From the data below, please reproduce exactly everything from the line that contains "Vortrag cimAPS am IT Forum" down to the line that contains "Mehr Informationen zur", with both ends included.

• INPUT FOR THIS TASK:
%%

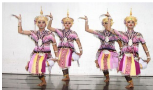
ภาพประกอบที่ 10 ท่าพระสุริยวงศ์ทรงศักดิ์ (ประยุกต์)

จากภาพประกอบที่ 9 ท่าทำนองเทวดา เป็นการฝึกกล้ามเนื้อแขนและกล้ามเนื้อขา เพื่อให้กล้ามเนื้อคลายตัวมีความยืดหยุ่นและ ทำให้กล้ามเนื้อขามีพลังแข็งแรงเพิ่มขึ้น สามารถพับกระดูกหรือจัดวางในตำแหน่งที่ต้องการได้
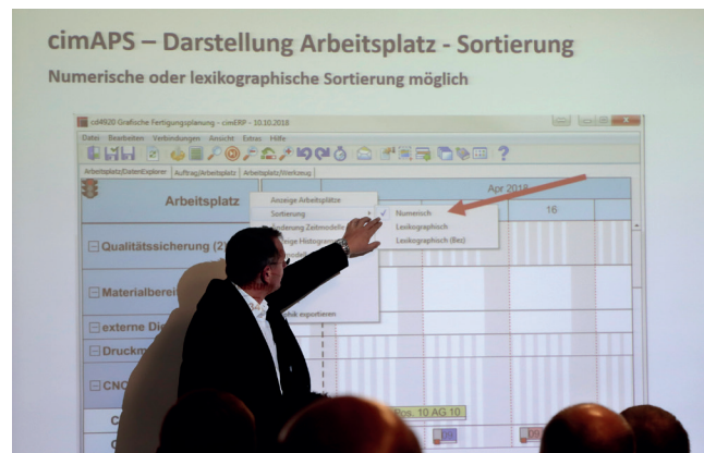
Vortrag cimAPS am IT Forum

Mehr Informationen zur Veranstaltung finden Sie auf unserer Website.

%%
%%

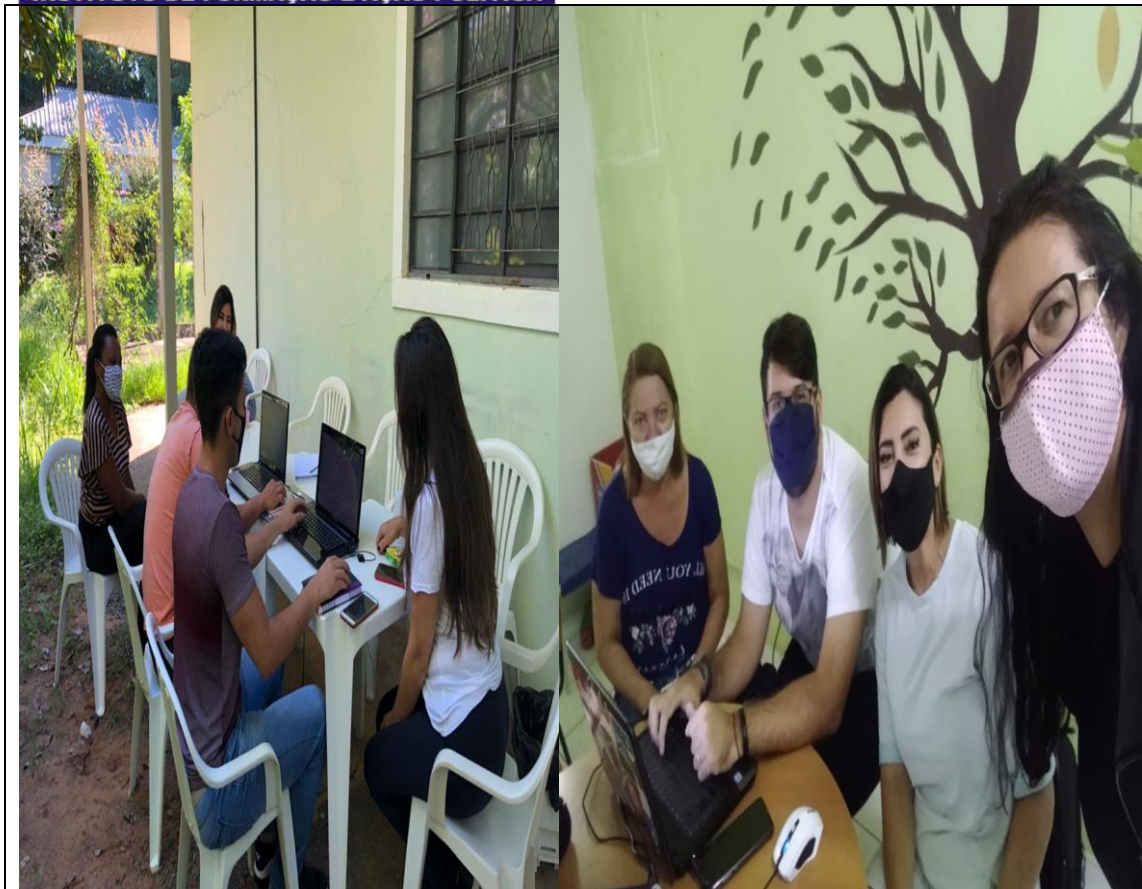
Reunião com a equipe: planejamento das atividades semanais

%%

• EXERCISE RESPONSE:
Vortrag cimAPS am IT Forum

Mehr Informationen zur Veranstaltung finden Sie auf unserer Website.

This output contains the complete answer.